### WHAT IS BEING ASKED
Among the records below, how many lines contain "price"? State the number and nothing more.

### DATA RECORDS
####

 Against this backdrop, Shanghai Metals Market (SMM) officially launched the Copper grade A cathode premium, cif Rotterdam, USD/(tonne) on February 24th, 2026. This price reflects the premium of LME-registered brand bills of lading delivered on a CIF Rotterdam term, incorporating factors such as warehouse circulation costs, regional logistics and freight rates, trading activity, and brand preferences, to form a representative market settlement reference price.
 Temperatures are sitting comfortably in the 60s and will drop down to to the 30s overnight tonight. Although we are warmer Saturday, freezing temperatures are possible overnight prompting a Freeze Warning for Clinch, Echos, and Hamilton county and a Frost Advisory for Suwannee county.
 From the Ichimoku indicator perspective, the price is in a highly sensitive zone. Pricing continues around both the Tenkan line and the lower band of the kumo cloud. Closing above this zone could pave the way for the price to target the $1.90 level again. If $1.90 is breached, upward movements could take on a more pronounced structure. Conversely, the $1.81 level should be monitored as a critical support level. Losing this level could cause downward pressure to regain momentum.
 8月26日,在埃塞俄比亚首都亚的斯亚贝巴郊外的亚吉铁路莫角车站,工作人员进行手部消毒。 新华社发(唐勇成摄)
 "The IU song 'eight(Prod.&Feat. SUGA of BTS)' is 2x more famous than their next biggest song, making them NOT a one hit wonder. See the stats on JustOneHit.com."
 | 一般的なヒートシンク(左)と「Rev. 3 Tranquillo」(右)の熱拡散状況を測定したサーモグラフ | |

####

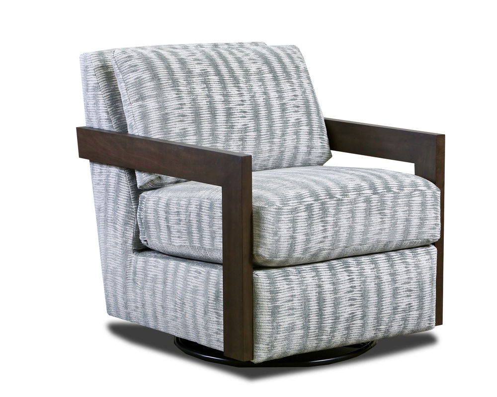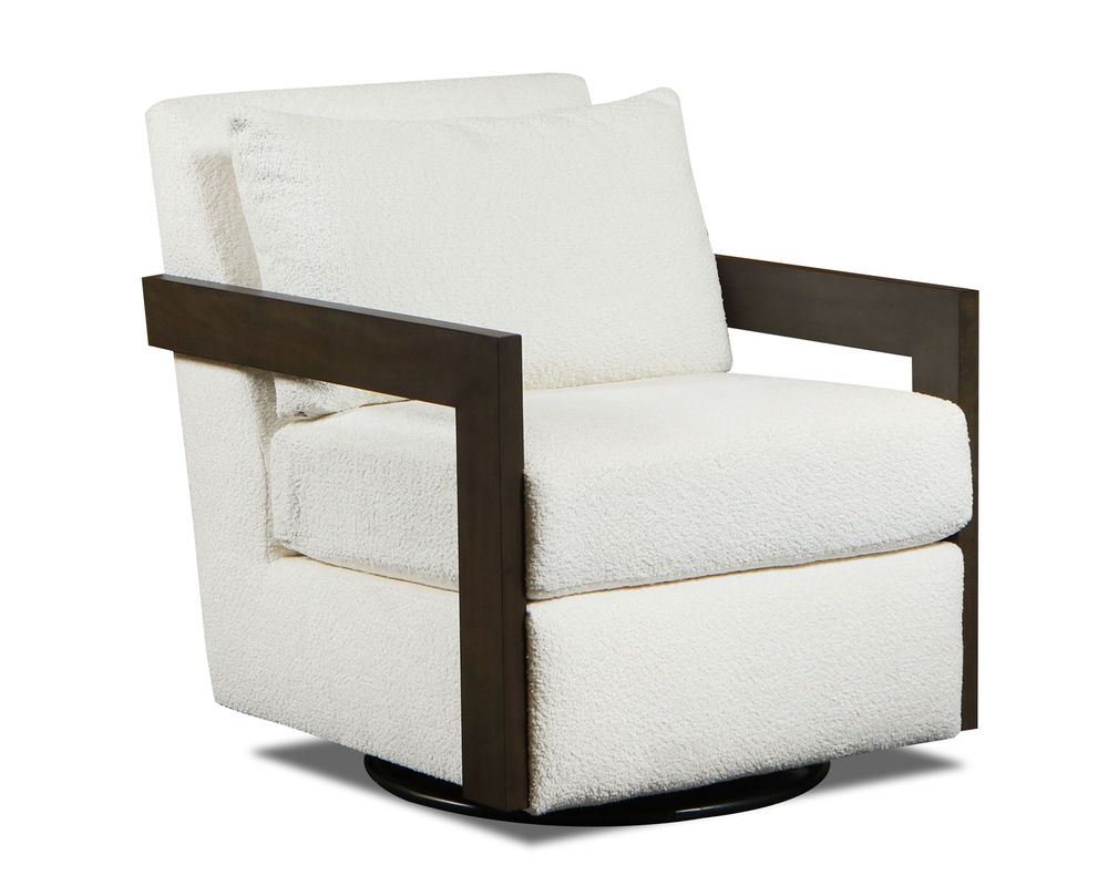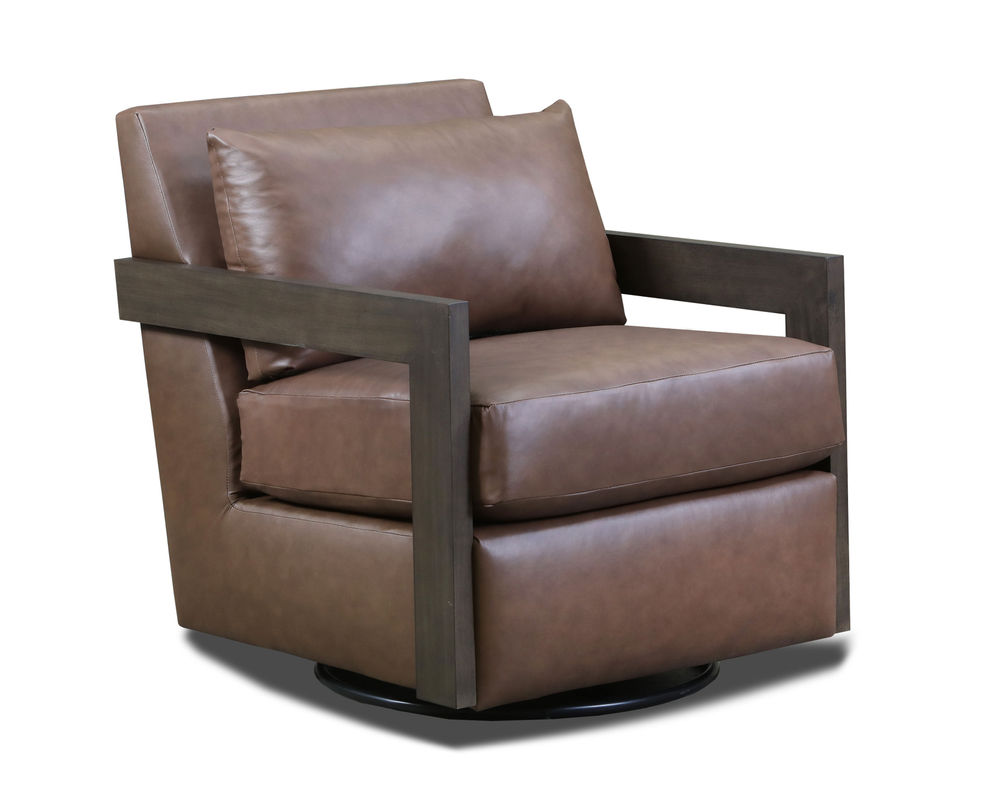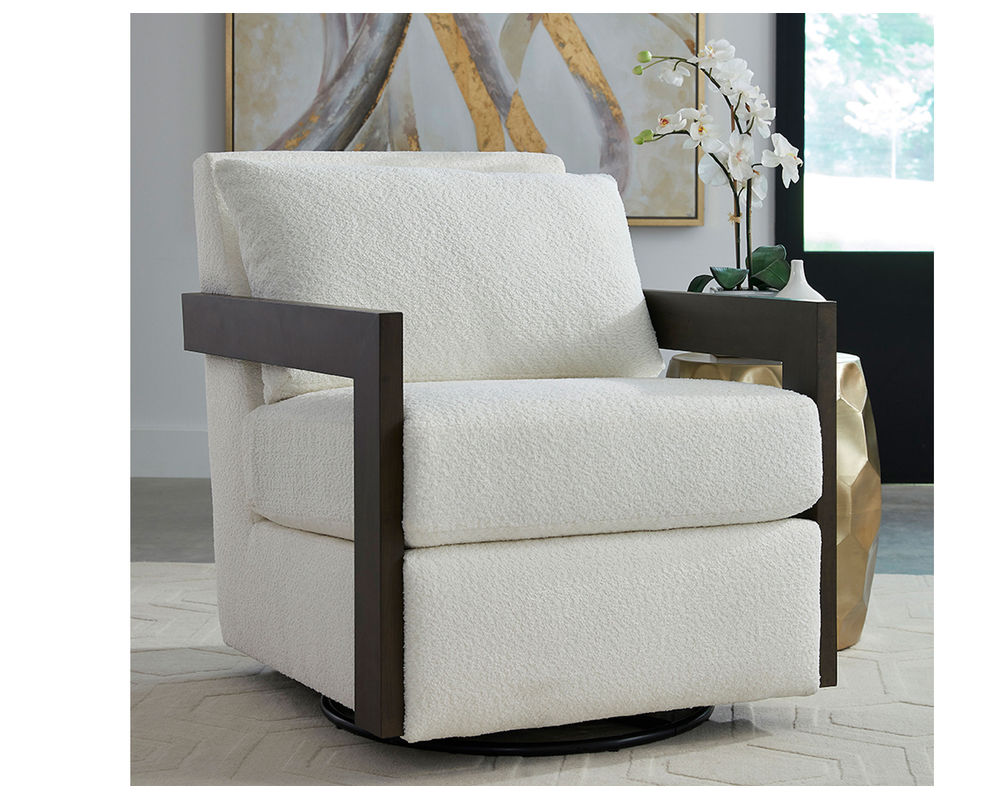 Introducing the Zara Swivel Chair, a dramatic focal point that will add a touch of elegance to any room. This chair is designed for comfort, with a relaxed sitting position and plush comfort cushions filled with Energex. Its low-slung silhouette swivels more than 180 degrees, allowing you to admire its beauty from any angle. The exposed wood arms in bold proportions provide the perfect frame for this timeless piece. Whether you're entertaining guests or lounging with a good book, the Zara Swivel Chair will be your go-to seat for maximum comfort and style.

####

### RESULT
2